Actually, the freeing of Haiti from oppression was due, in part, to the French Revolution, which inspired the Haitians to clamor for freedom from slavery and French rule. in 1793, when France and Great Britain went to war, the British invaded and the French commissioners there, to secure the help of the locals, abolished slavery in the territory. It was the beginning of independence for Haiti, and a now distant bright memory against the backdrop of death and devastation.

That a "Christian" minister would not only base his premise on apocryphal and false information is nothing new; the Spanish Inquisition, the Salem Witch Trails, the death of Jean d'Arc... throughout history, it has always been easier to look on those considered "different," and fear them for their difference. This is, at the root, bigotry and discrimination, neither concept being anything new. Haiti is an 80% Catholic nation, and perhaps because they hew so closely to the mother church, upon which many a Christian sect looks unfavorably, it is easy to take up the "they got what's coming to them" screed.

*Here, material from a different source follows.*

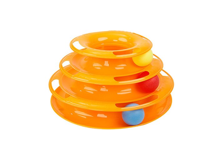 Homecat Игрушка Хоумкэт для кошек трек пластиковый трехэтажный с мячиками 24,5 х 12 см
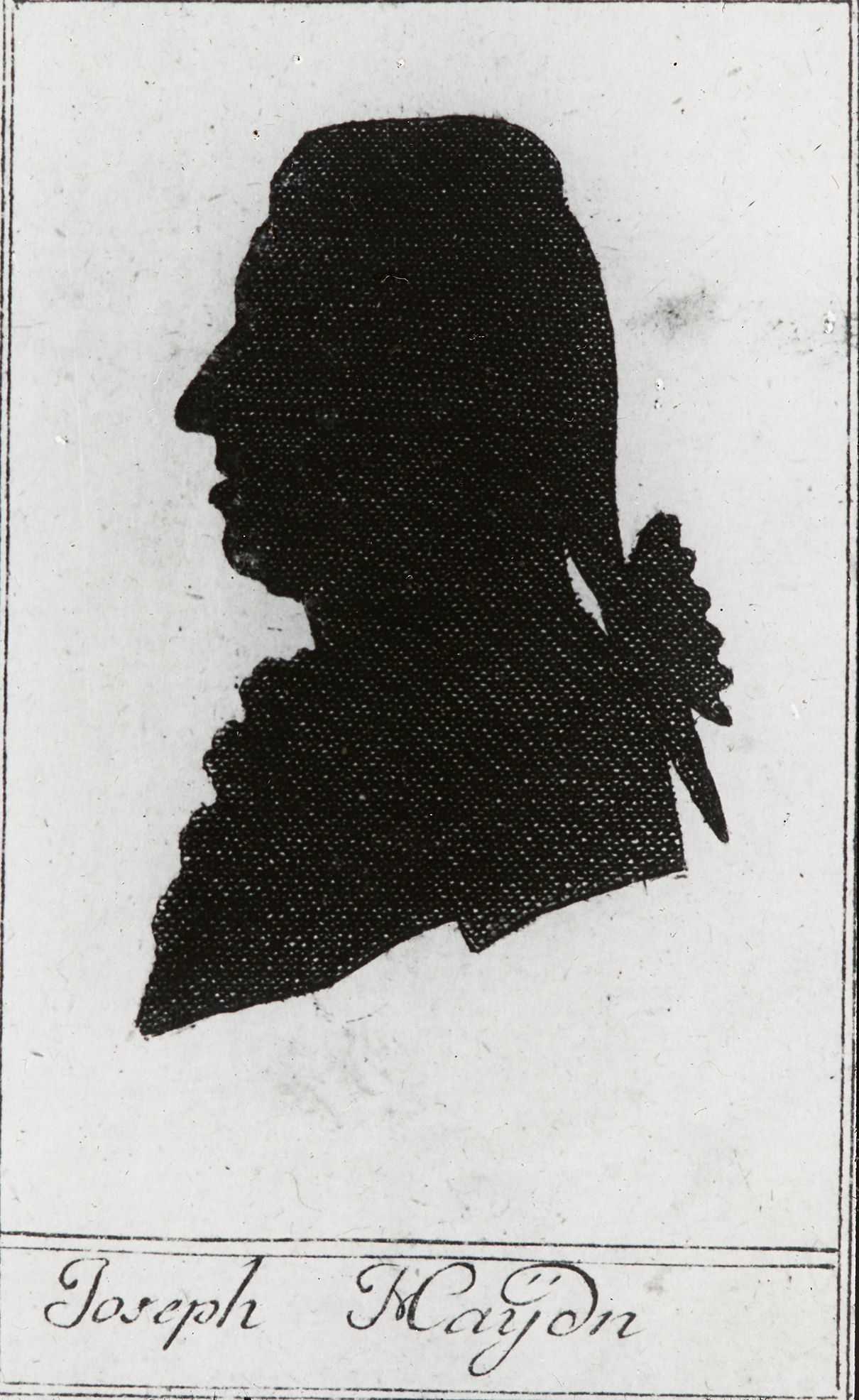 Die Silhouette von Joseph Haydn. Diese Seitansicht wurde angefertigt und veröffentlicht im Theaterkalender 1788.

Of course, Reverend Robertson is merely taking advantage of the First Amendment, which protects his hateful and hypocritical speech, as well as providing him the ability to worship whatever way he chooses. It could easily be said that had he made his remarks anywhere else, there might have been a greater swell of indignation. Perhaps it is because he has made such remarks in the past; perhaps the American people are simply used to people doing this and have become a bit blasé.

I suspect that Reverend Robertson has not read his Bible lately, or he might have come across this, from Luke 13:1:

"Now there were some present at that time who told Jesus about the Galileans whose blood Pilate had mixed with their sacrifices. Jesus answered, "Do you think that these Galileans were worse sinners than all the other Galileans because they suffered this way? I tell you, no! But unless you repent, you too will all perish. Or those eighteen who died when the tower in Siloam fell on them—do you think they were more guilty than all the others living in Jerusalem? I tell you, no! But unless you repent, you too will all perish."

And it will require repentance for Pat Robertson to see the gates of Heaven, for to claim to worship Jesus Christ, Lord and Savior, on the one hand while ignoring his teachings on the other, is to incur a penalty most grave. While Jesus wanted people to follow his way, he knew it could not simply be imposed. First, the weakest amongst us had to be brought up from the gutter. The most wicked amongst us must be reformed. The richest amongst us must help the poorest; the wounds of the sick and the dying must be tended. Jesus knew that for anyone to be able to believe in God, his father, they must first know that his followers were earnest, nonjudgmental, and willing to extend them kindness and compassion. There must be a uniting of humanity.

So let preachers and pundits and purveyors of anger and hatred peddle their wares, for they alone are responsible for the stain it places upon their soul. We, who believe in higher purpose, greater good, and human duty, do not need their ilk, for we shall rise up and reach down, to take the hands of the hungry, the tired, the sick, the destitute, and the devastated, and raise them up, too. In the end, we will represent humanity, long after the words of the wicked have mixed with the dust on the ground.